## Extracted records

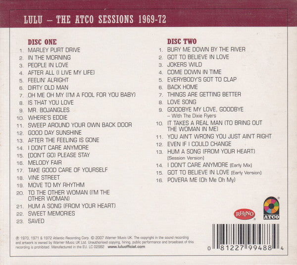 Clear plastic slipcase, containing 3 fold card CD digipack with 2 compartments for the 2 CD's. Also containing 20 page booklet. Tracks 1.01 to 1.11 from "[r=1663669" Atco #33-310 (February 1970) LP's #88. Recorded at Muscle Shoals Sound Studios, Muscle Shoals, AL, September & October 1969. Tracks 1.07 & 1.11 Atco single [r=6975613 #6722 (December 1969); Pop #22. Tracks 1.10 & 1.21 Atco single [r=2898224 #6749 (April 1970). Tracks 1.12 to 1.23 from "[r=2413111" Atco #33-330 (1970). Recorded at Atlantic South-Criteria Studios, Miami, FL, March & May 1970). Tracks 1.12 & 1.13 Atco single #6761 (1970). Tracks 1.16 & 1.20 Atco single [r=6025675 #6774 (1970). Tracks 2.01 to 2.04 & 2.06 to 2.09: Recorded at Criteria Studios, Miami, FL, November 11, 1970. Track 2.01 previously unissued. Track 2.02 Atco [UK Single [r=2171566 #2091-049 (1971). Tracks 2.05 & 2.09 Atco single #6819 (1971). Tracks 2.10 to 2.11 Atco Single [r=5897665 #6885 (1972). Track 2.12 Atlantic [UK Single [r=6275056 #10185 (16 June, 1972). Tracks 2.13 & 2.14 previously unreleased. Track 2.15 recorded at Criteria Studios, Miami, FL, 21. December 1970, previously unissued. Track 2.16 Atlantic [Italy Single #03158 (1970). ℗1970, 1971 & 1972 Atlantic Recording Corp. ©2007 Warner Music UK. Manufactured in the EU.
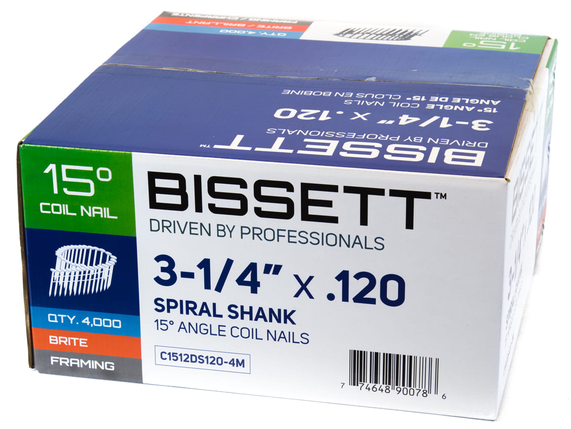 Coil Framing Nails, 2-1/2" x .099, 15-Degree, Spiral, Brite, 5000/box Product Code: C158S0995M $58.95 Each Add to Cart
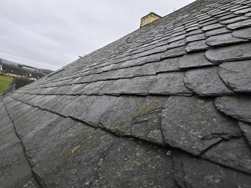 Links is de woning uitgebreid met een grote uitbouw met een trapeziumvormig plaatstalen dak. De gehele ruimte wordt gebruikt als bergruimte. Achter deze uitbouw bevindt zich een terras met een kleine veranda. Vanuit hier heeft u ook toegang tot de tuin en het gehele perceel. Het perceel is aangelegd met talrijke bomen, hagen, struiken en grassen en biedt veel privacy.
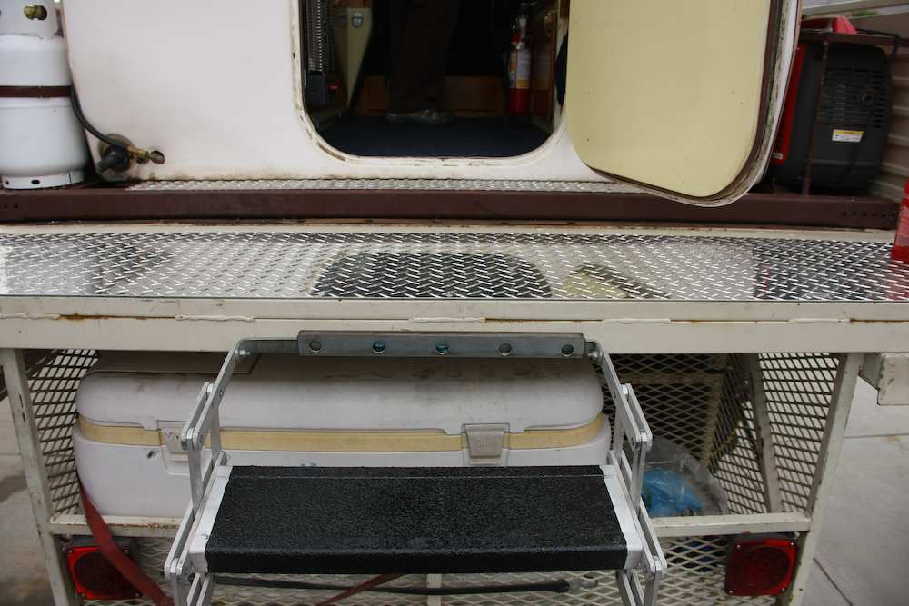 The tailgate of the mog was uneven and hard to walk on, so we added some aluminum diamond plate. We also added Hurculiner polyurethane anti-skid coating to our stairs. The stairs came with an anti-skid tape, but it did not work that well. Last year in Yellowstone, I slipped down the stairs when they were wet. So, given that we were going to places where it rains, action was required.
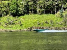 Auf dem Wasser begegneten uns heute auch einige Jetboote, die jedoch rücksichtsvoll das Tempo drosselten, um uns nicht mit ihren Wellen in Bedrängnis zu bringen. Die Spannung stieg, als wir uns den berüchtigten „50/50 Rapids“ näherten, doch wir meisterten alle Stromschnellen, ohne zu kentern, auch wenn ich im vorderen Teil des Kanus wieder ordentlich Spritzwasser abbekam. In Pipiriki angekommen, hatten wir das große Glück, dass unser Gepäck trotz der späten Stunde (nach 18 Uhr) noch abgeholt wurde, was mir den mühsamen Transport zum 600 Meter entfernten Campingplatz ersparte.
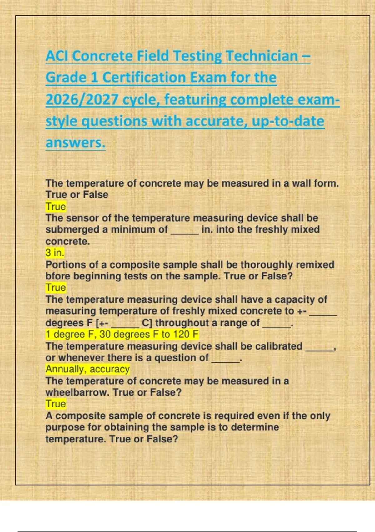 ACI Concrete Field Testing Technician – Grade 1 Certification Exam for the 2026/2027 cycle, featuring complete exam style questions with accurate, up-to-date answers.
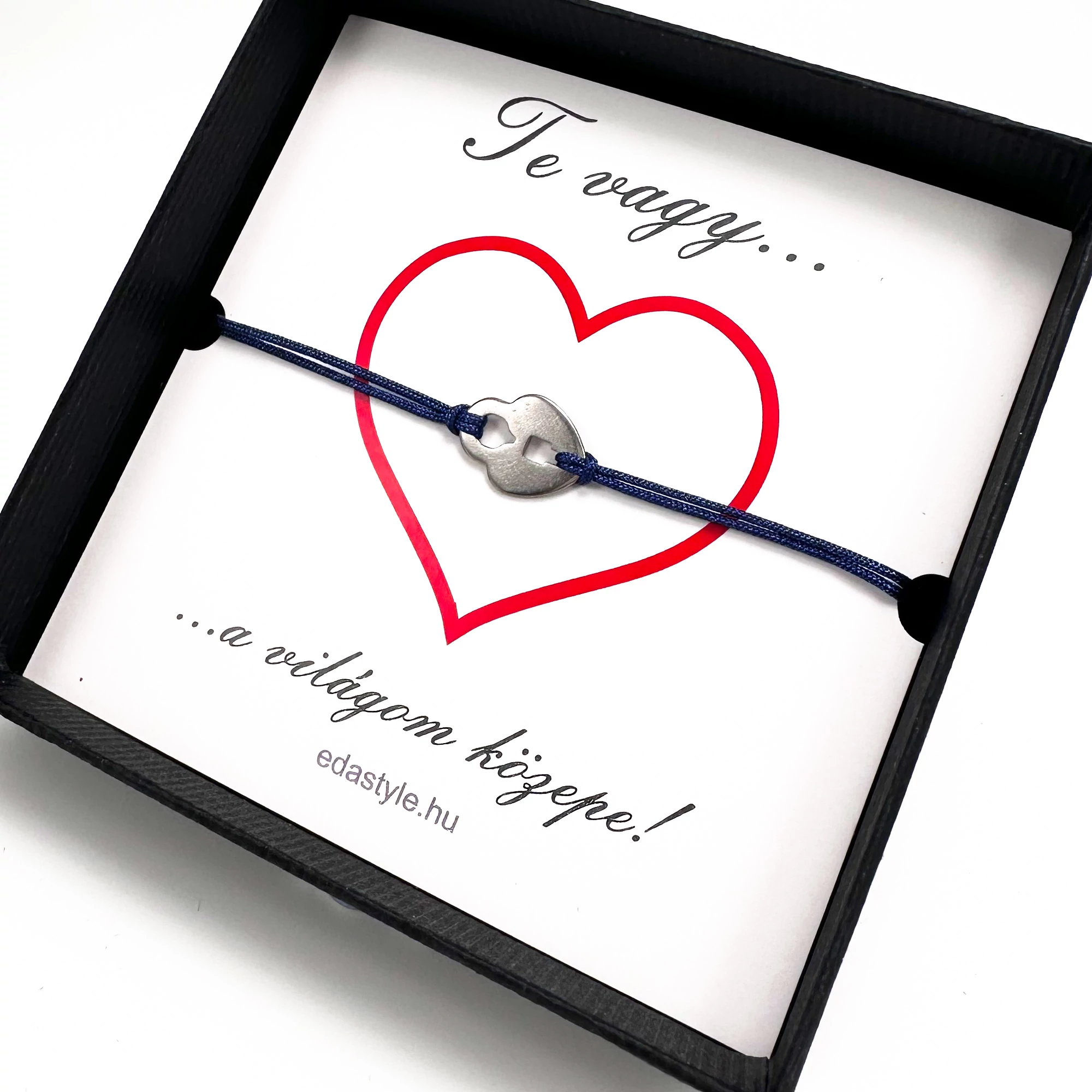 Világom közepe... zsineg karkötő lakat medállal Kék

## What to do
From the first line to the last, reproduce the records above exactly and skip the pictures.

## Problem solution
 Clear plastic slipcase, containing 3 fold card CD digipack with 2 compartments for the 2 CD's. Also containing 20 page booklet. Tracks 1.01 to 1.11 from "[r=1663669" Atco #33-310 (February 1970) LP's #88. Recorded at Muscle Shoals Sound Studios, Muscle Shoals, AL, September & October 1969. Tracks 1.07 & 1.11 Atco single [r=6975613 #6722 (December 1969); Pop #22. Tracks 1.10 & 1.21 Atco single [r=2898224 #6749 (April 1970). Tracks 1.12 to 1.23 from "[r=2413111" Atco #33-330 (1970). Recorded at Atlantic South-Criteria Studios, Miami, FL, March & May 1970). Tracks 1.12 & 1.13 Atco single #6761 (1970). Tracks 1.16 & 1.20 Atco single [r=6025675 #6774 (1970). Tracks 2.01 to 2.04 & 2.06 to 2.09: Recorded at Criteria Studios, Miami, FL, November 11, 1970. Track 2.01 previously unissued. Track 2.02 Atco [UK Single [r=2171566 #2091-049 (1971). Tracks 2.05 & 2.09 Atco single #6819 (1971). Tracks 2.10 to 2.11 Atco Single [r=5897665 #6885 (1972). Track 2.12 Atlantic [UK Single [r=6275056 #10185 (16 June, 1972). Tracks 2.13 & 2.14 previously unreleased. Track 2.15 recorded at Criteria Studios, Miami, FL, 21. December 1970, previously unissued. Track 2.16 Atlantic [Italy Single #03158 (1970). ℗1970, 1971 & 1972 Atlantic Recording Corp. ©2007 Warner Music UK. Manufactured in the EU.
 Coil Framing Nails, 2-1/2" x .099, 15-Degree, Spiral, Brite, 5000/box Product Code: C158S0995M $58.95 Each Add to Cart
 Links is de woning uitgebreid met een grote uitbouw met een trapeziumvormig plaatstalen dak. De gehele ruimte wordt gebruikt als bergruimte. Achter deze uitbouw bevindt zich een terras met een kleine veranda. Vanuit hier heeft u ook toegang tot de tuin en het gehele perceel. Het perceel is aangelegd met talrijke bomen, hagen, struiken en grassen en biedt veel privacy.
 The tailgate of the mog was uneven and hard to walk on, so we added some aluminum diamond plate. We also added Hurculiner polyurethane anti-skid coating to our stairs. The stairs came with an anti-skid tape, but it did not work that well. Last year in Yellowstone, I slipped down the stairs when they were wet. So, given that we were going to places where it rains, action was required.
 Auf dem Wasser begegneten uns heute auch einige Jetboote, die jedoch rücksichtsvoll das Tempo drosselten, um uns nicht mit ihren Wellen in Bedrängnis zu bringen. Die Spannung stieg, als wir uns den berüchtigten „50/50 Rapids“ näherten, doch wir meisterten alle Stromschnellen, ohne zu kentern, auch wenn ich im vorderen Teil des Kanus wieder ordentlich Spritzwasser abbekam. In Pipiriki angekommen, hatten wir das große Glück, dass unser Gepäck trotz der späten Stunde (nach 18 Uhr) noch abgeholt wurde, was mir den mühsamen Transport zum 600 Meter entfernten Campingplatz ersparte.
 ACI Concrete Field Testing Technician – Grade 1 Certification Exam for the 2026/2027 cycle, featuring complete exam style questions with accurate, up-to-date answers.
 Világom közepe... zsineg karkötő lakat medállal Kék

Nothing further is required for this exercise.